Research Program
The Généra research program is anchored in “Tissue Studies”, a rigorous fusion of bioengineering and the philosophy of technology. We assert that how we conceptualize living matter dictates how we can construct it.
Theoretical Frameworks
Tissue Engineering Triangle
A framework delineating the morphic, hylomorphic, and hylic regimes of tissue construction. It provides a topological map for understanding how biological matter is constrained and guided from raw biomaterials (hylic) through structural scaffolding (hylomorphic) to autonomous generative form (morphic).
Periodic Table of Tissue Engineering
A cartography of methods and formalisms in tissue engineering. By classifying techniques according to their underlying physical and biological operations, we reveal structural gaps in the literature—pointing the way toward novel methodological discoveries rather than incremental optimizations.

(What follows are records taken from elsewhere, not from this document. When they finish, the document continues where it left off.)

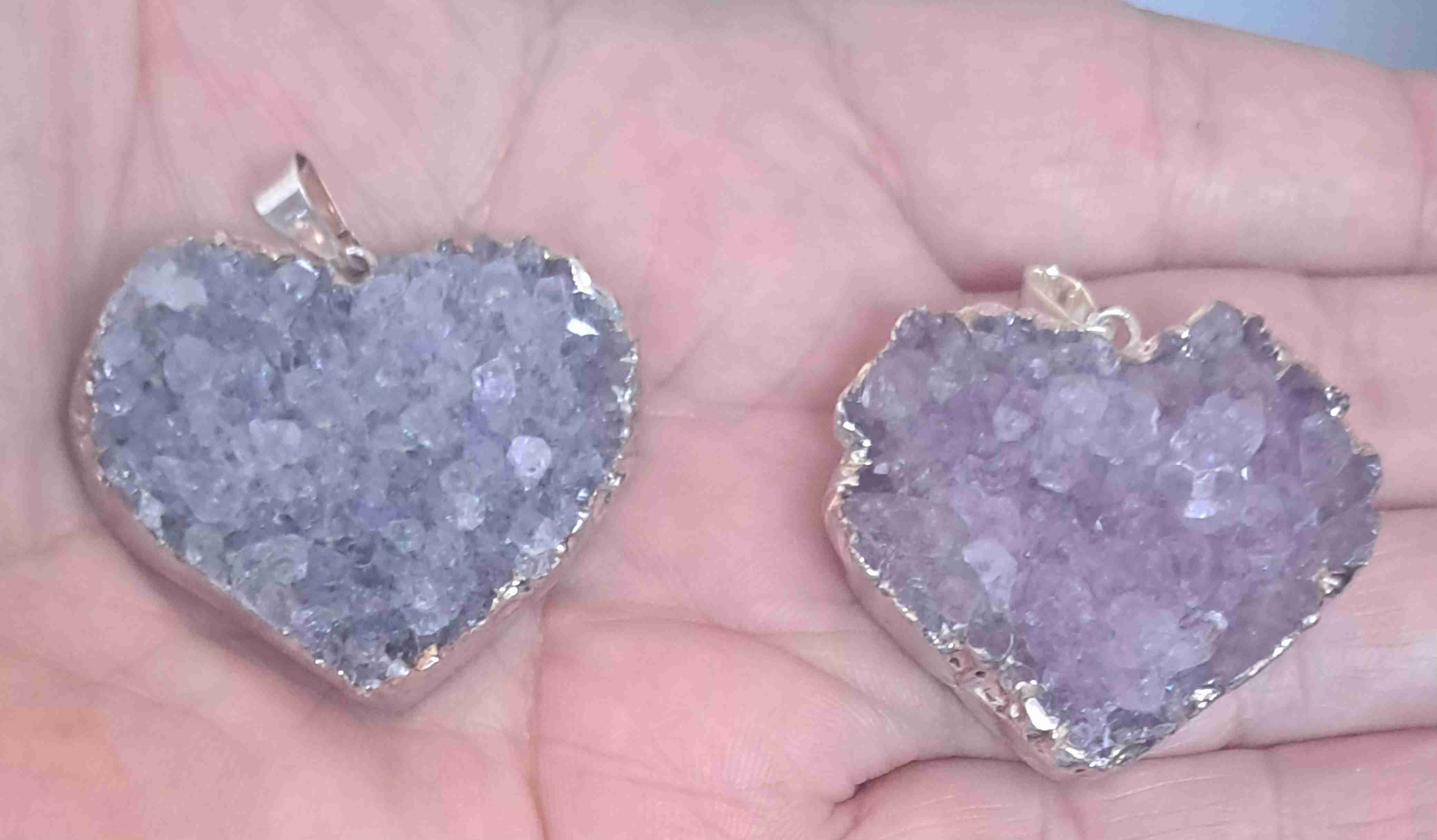 Hermosos colgantes de cuarzo amatista legitima en bruto, forma de corazón, en plata. Ideales para uso diario o como regalo especial. Excelente estado. $ 8.500 cada uno.
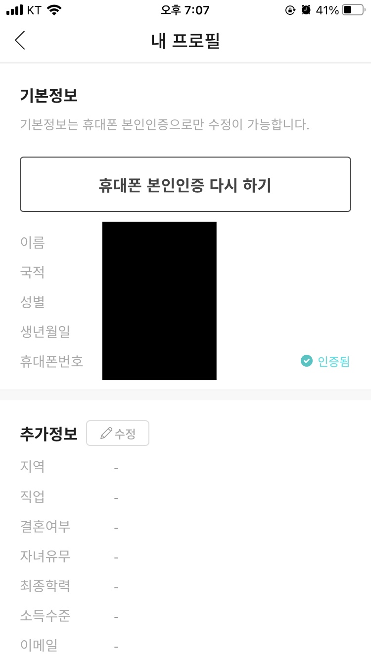그리고 아래에 추가정보를 수정하실 수 있는데요. 추가정보를 입력한다고 해서 추가로 리워드를 지급해주지는 않으니 굳이 입력하실 필요는 없다고 생각합니다.
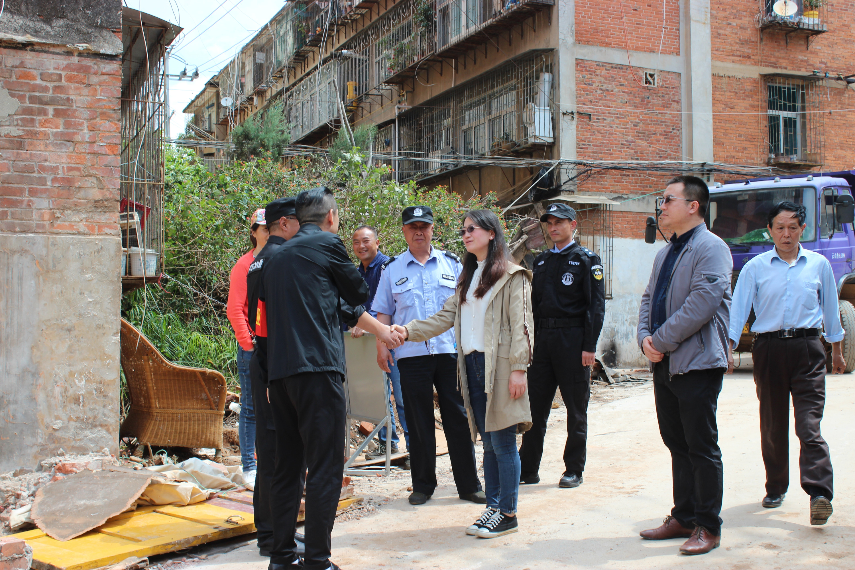 吴君先后实地查看了个旧选厂小区违章建筑拆除工作现场和锡苑小区物业施工现场,看望慰问了节日期间依然奋战在施工现场的干部员工,详细了解施工安全和工程质量的各项保障措施。广元公司党委书记、董事长、总经理许祖英,副总经理杨宏贤详细汇报了“三供一业”项目建设和违章建筑拆除工作进展情况以及下一步的工作思路。

Universal Tissue Engineering Machine (UTEM)
Our core vision: defining the theoretical limits and necessary abstractions required to instantiate a substrate-independent platform for tissue generation. The UTEM represents the unification of the Triangle and the Map into a practically deployable architectural paradigm.
Methods & Constraints
We reject the 'black box' approach of brute-force machine learning in favor of interpretable, mechanistic models. Validation occurs via scaffold-free spheroid fusion models and microfluidic gradient chambers.
Strategic Goals
- Formalize the mathematical abstractions for the UTEM.

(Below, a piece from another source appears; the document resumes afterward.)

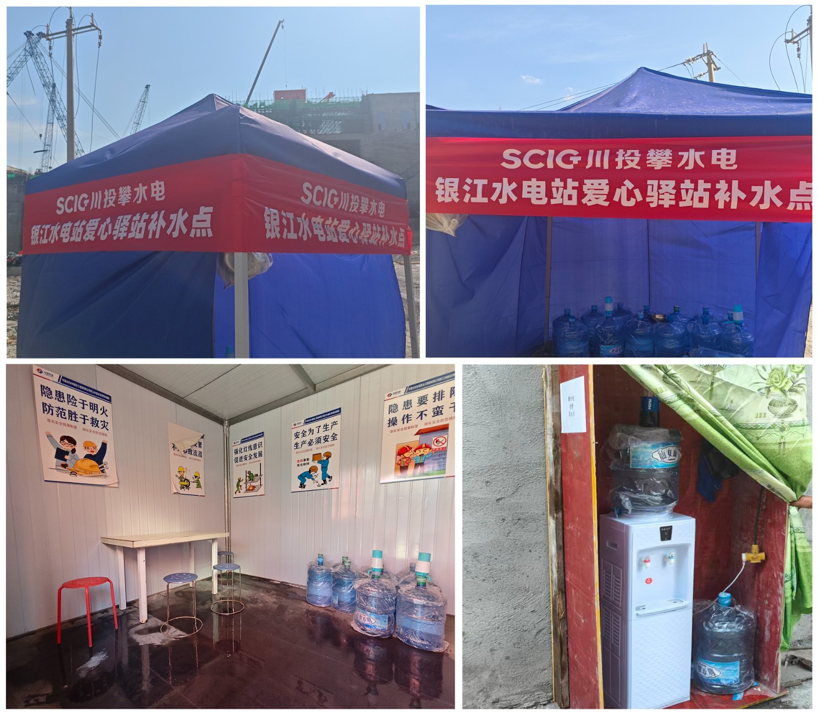 鑒于近期天氣炎熱,持續(xù)高溫給一線工人作業(yè)帶來了巨大挑戰(zhàn),為解決一線工人在施工過程中“飲水難”的問題,公司在銀江水電站壩頂、GIS樓、副廠房、魚道、溢流壩等施工人員密集的部位建立了五處“愛心補(bǔ)水站”,完善送水補(bǔ)水機(jī)制,為奮戰(zhàn)在烈日下的工友們送去了絲絲涼意與深切關(guān)懷,此舉為大家解決了實(shí)際困難,贏得了工友們的廣泛贊譽(yù)。

- Develop open-source hardware tools for hylic intervention.
- Establish standards for reporting epistemological assumptions in biomaterials papers.
- Create modular, substrate-independent algorithms for tissue patterning.
Methodological Axioms
Computational Rigor: We utilize category theory and complex systems modeling to define limits of form.
Wet Lab Validation: Validation occurs via scaffold-free spheroid fusion models and microfluidic gradient chambers.
Interpretability Constraint: We reject the “black box” approach of brute-force machine learning in favor of interpretable, mechanistic models.